At current levels, $71.46 remains in focus after a brief false break last week. If a supportive catalyst remains present, a rebound to $75.27 (high since January 12) could occur. On the way to this level, the 55-day simple moving average (SMA) at $72.80 could ease the upside a bit. Once it breaks above $75.27, the first resistance to come is $75.80, which aligns with the 100-day SMA.

On the downside, $67.11, a triple bottom in the summer of 2023, could still remain as support. If not, the next level below is $64.38, the lowest level since March and May 2023. Even $61.65 could come into play if a ceasefire emerges or if Israel signals that it will ended with his special operation in Lebanon.

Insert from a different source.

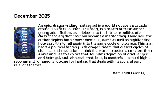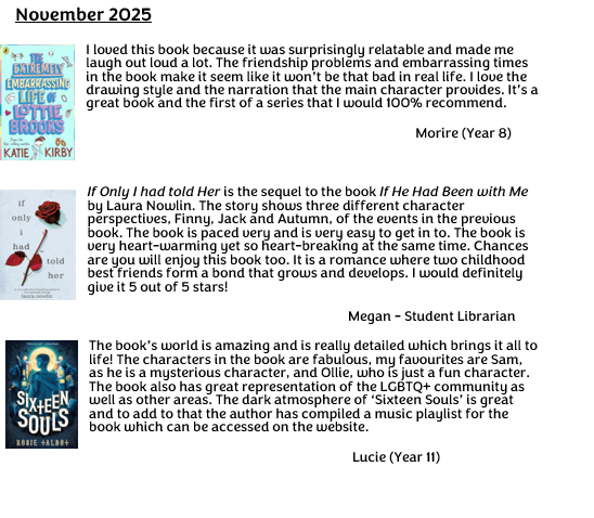 Students and staff are encouraged to provide the library with any good reads they have discovered lately. Most reviews and recommendations will have generally come from books that have been borrowed from the school library. Included, however, will also books that have been read from various sources.

US WTI Crude Oil: Daily Chart

US WTI Crude Oil: Daily Chart

Frequently asked questions about WTI oil

WTI Oil is a type of crude oil sold on international markets. WTI stands for West Texas Intermediate, one of three major types, including Brent and Dubai Crude. WTI is also referred to as “light” and “sweet” due to its relatively low gravity and sulfur content, respectively. It is considered a high quality oil that is easy to refine. It originates in the United States and is distributed through the Cushing hub, which is considered “The Pipeline Crossroads of the World”. It is a reference point for the oil market and the price of WTI is frequently quoted in the media.

Like all assets, supply and demand are the key drivers of the WTI oil price. As such, global growth can be a driver of increased demand and vice versa for weak global growth. Political instability, wars and sanctions can disrupt supply and affect prices. Decisions by OPEC, a group of major oil-producing countries, is another key price driver. The value of the US dollar influences the price of WTI crude oil because oil is predominantly traded in US dollars, so a weaker US dollar can make oil more affordable and vice versa.

The weekly oil inventory reports published by the American Petroleum Institute (API) and the Energy Information Agency (EIA) influence the price of WTI oil. Changes in inventories reflect fluctuations in supply and demand. If the data shows a decline in inventories, it may indicate an increase in demand, leading to higher oil prices. Higher inventories may reflect increased supply, pushing prices down. The API report is published every Tuesday and the EIA the following day. Their results are usually similar, falling within 1% of each other 75% of the time. EIA data is considered more reliable because it is a government agency.

OPEC (Organization of the Petroleum Exporting Countries) is a group of 12 oil-producing nations that collectively decide production quotas for member countries at meetings twice a year. Their decisions often affect WTI oil prices. When OPEC decides to cut quotas, it can tighten supply, pushing up oil prices. When OPEC increases production, it has the opposite effect. OPEC+ refers to an expanded group that includes ten additional non-OPEC members, the most notable of which is Russia.